What is needed:
What lines of the material hold the string "Milei"? Pull each of them out.

Data to examine:

*** Begin section ***

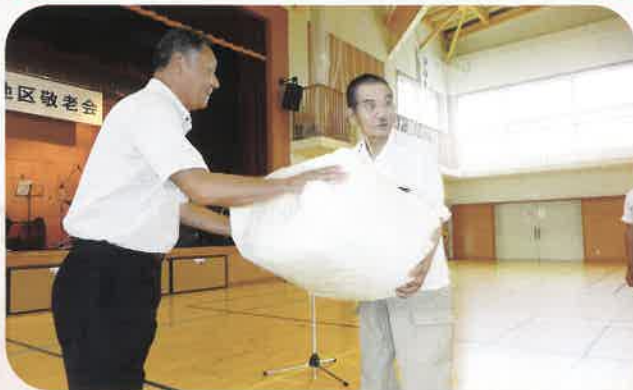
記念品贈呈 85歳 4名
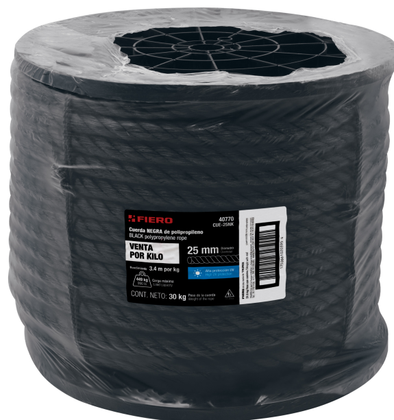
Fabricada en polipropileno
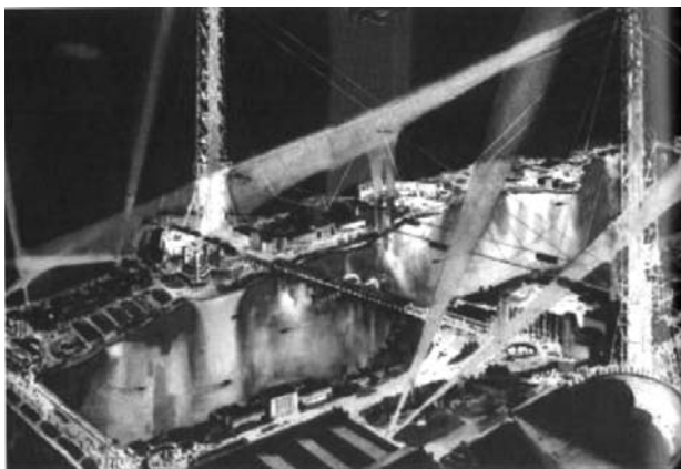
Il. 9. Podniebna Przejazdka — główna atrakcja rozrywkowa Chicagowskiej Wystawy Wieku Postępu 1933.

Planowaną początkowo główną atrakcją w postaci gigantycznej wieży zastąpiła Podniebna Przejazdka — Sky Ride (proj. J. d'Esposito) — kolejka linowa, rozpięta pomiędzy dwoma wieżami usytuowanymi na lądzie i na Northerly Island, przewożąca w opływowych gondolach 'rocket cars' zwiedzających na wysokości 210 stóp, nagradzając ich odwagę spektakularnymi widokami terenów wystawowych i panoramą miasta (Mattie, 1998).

*** End section ***
*** Begin section ***

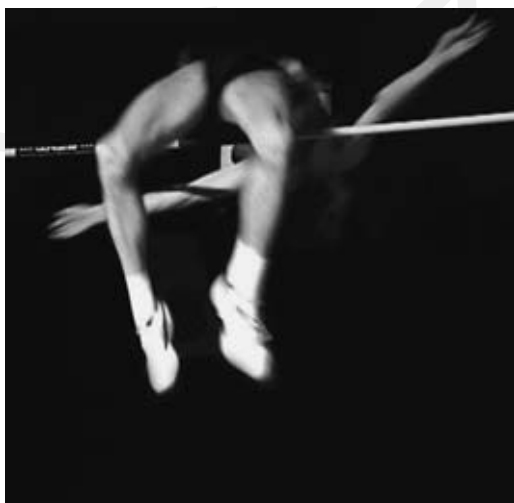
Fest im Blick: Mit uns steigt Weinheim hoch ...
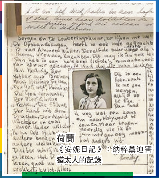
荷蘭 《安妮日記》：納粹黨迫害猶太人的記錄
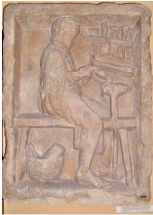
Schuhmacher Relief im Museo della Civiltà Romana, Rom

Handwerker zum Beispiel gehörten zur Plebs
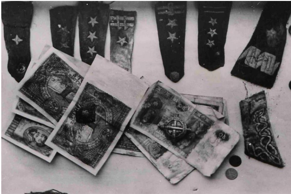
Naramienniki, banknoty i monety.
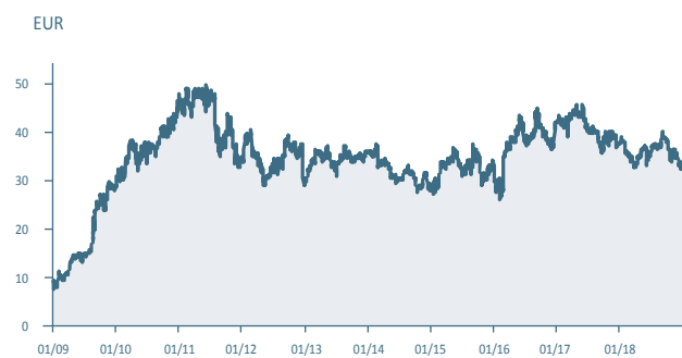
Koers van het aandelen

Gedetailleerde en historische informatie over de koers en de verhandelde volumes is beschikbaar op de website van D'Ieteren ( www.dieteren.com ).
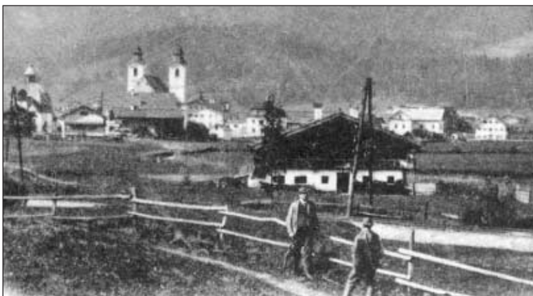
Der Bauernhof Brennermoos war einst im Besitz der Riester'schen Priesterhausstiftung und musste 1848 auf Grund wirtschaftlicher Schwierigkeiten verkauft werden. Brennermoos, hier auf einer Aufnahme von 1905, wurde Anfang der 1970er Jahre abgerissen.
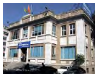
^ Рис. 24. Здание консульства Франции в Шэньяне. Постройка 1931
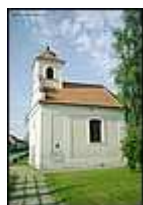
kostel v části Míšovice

*** End section ***
*** Begin section ***

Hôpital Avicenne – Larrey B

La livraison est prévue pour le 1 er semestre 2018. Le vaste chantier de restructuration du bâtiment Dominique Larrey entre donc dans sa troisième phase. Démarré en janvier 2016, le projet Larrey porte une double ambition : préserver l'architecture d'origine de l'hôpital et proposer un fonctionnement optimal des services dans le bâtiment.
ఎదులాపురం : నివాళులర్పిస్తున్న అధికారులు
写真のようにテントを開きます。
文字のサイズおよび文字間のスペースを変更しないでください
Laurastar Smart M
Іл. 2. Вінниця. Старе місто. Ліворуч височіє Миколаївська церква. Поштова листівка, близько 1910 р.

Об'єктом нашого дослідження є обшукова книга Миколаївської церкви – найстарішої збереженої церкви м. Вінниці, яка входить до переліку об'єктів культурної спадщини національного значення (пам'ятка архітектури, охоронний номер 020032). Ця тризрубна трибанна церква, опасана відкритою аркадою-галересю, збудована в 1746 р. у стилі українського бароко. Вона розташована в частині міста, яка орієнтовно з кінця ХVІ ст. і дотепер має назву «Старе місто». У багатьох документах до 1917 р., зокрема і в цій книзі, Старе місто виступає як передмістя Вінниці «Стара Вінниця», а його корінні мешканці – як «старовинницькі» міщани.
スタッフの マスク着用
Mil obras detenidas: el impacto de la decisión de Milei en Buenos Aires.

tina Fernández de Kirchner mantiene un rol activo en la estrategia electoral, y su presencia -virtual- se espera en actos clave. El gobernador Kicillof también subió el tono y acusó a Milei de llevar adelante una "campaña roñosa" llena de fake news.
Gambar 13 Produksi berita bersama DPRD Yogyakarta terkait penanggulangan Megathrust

*** End section ***

Answer to this exercise:
Mil obras detenidas: el impacto de la decisión de Milei en Buenos Aires.
tina Fernández de Kirchner mantiene un rol activo en la estrategia electoral, y su presencia -virtual- se espera en actos clave. El gobernador Kicillof también subió el tono y acusó a Milei de llevar adelante una "campaña roñosa" llena de fake news.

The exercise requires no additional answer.